▼▼▼

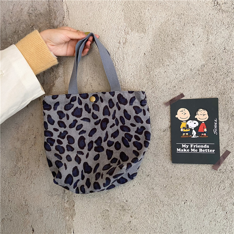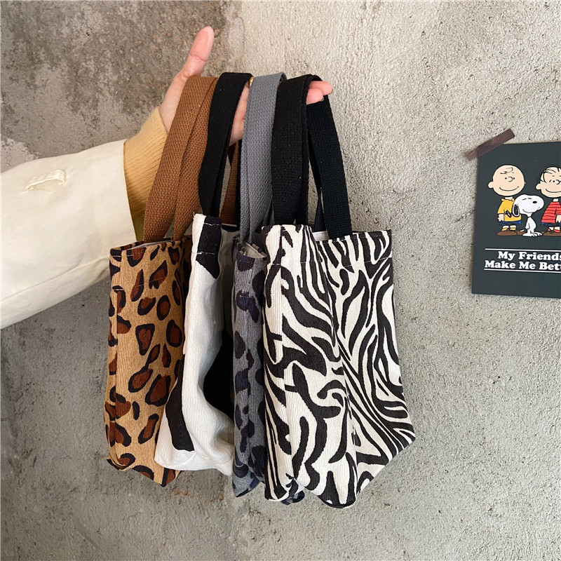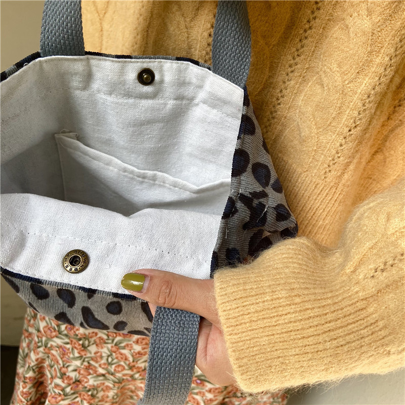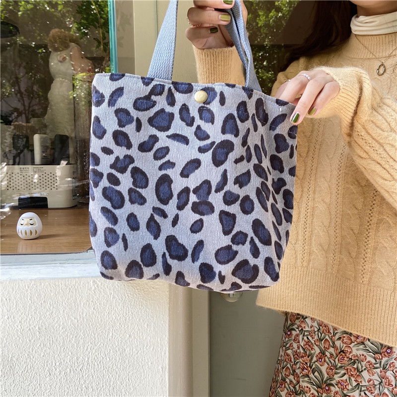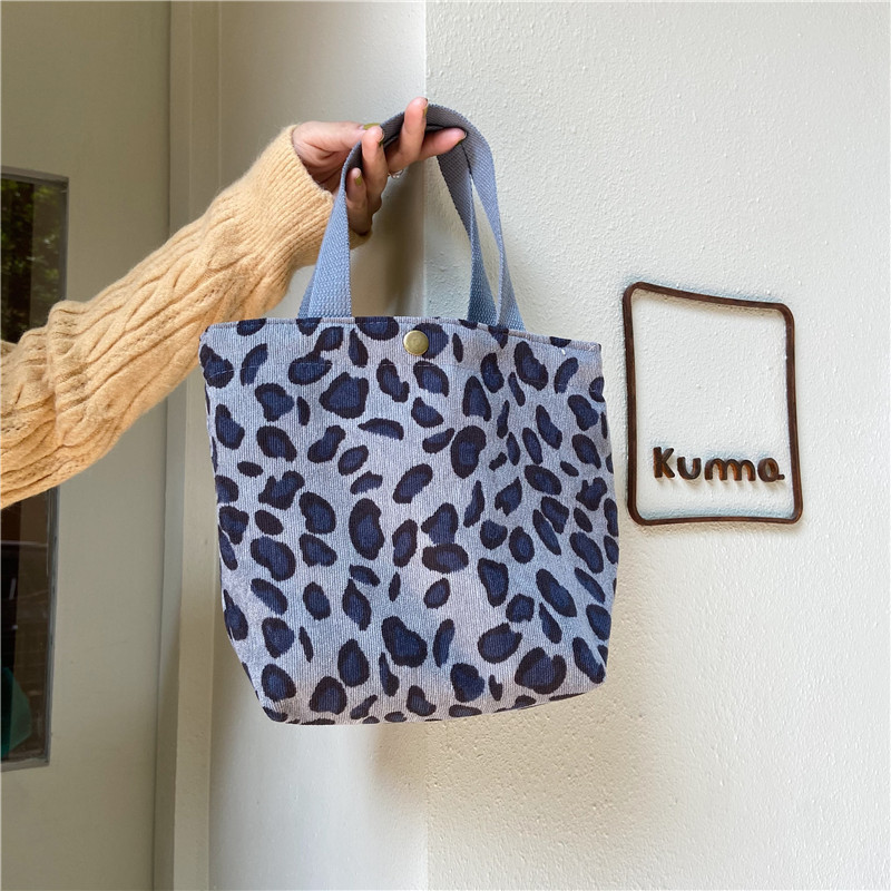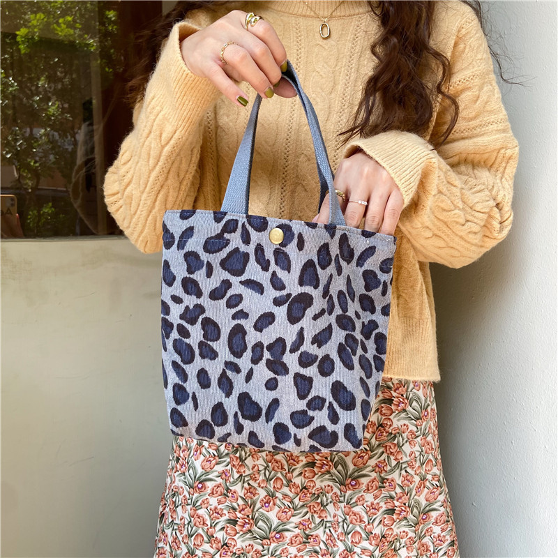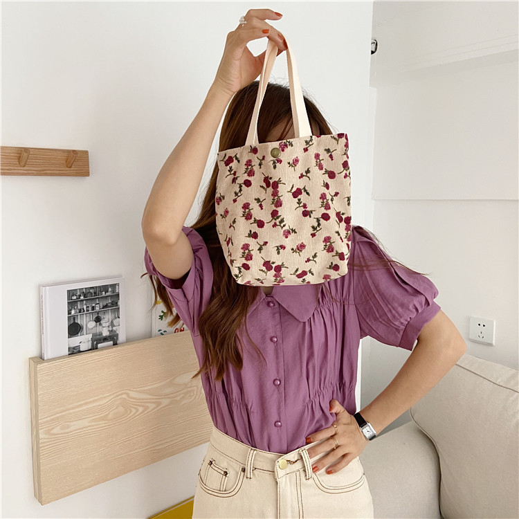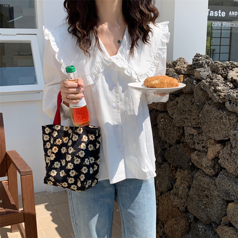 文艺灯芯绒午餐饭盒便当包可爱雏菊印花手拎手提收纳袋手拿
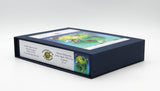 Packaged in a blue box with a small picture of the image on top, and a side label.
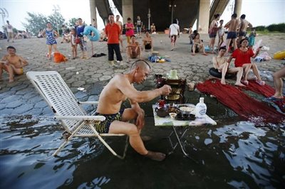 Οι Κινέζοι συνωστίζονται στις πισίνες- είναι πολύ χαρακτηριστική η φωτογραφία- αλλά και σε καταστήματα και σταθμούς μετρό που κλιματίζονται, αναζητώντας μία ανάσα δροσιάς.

▲▲▲
▼▼▼

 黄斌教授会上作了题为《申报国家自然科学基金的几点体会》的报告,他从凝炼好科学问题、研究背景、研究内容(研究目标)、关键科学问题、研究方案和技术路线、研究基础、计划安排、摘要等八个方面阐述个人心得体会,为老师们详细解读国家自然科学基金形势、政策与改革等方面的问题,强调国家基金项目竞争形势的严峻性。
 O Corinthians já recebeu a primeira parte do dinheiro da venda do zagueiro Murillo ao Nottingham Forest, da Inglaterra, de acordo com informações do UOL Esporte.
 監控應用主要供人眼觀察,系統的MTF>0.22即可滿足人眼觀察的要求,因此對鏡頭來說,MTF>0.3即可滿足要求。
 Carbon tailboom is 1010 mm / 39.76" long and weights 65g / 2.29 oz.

▲▲▲

In the records above, the line with "監控應用主要供人眼觀察,系統" marks the start and the line with "Carbon tailboom is" marks the end; copy that stretch exactly, both lines included, and nothing else.

 監控應用主要供人眼觀察,系統的MTF>0.22即可滿足人眼觀察的要求,因此對鏡頭來說,MTF>0.3即可滿足要求。
 Carbon tailboom is 1010 mm / 39.76" long and weights 65g / 2.29 oz.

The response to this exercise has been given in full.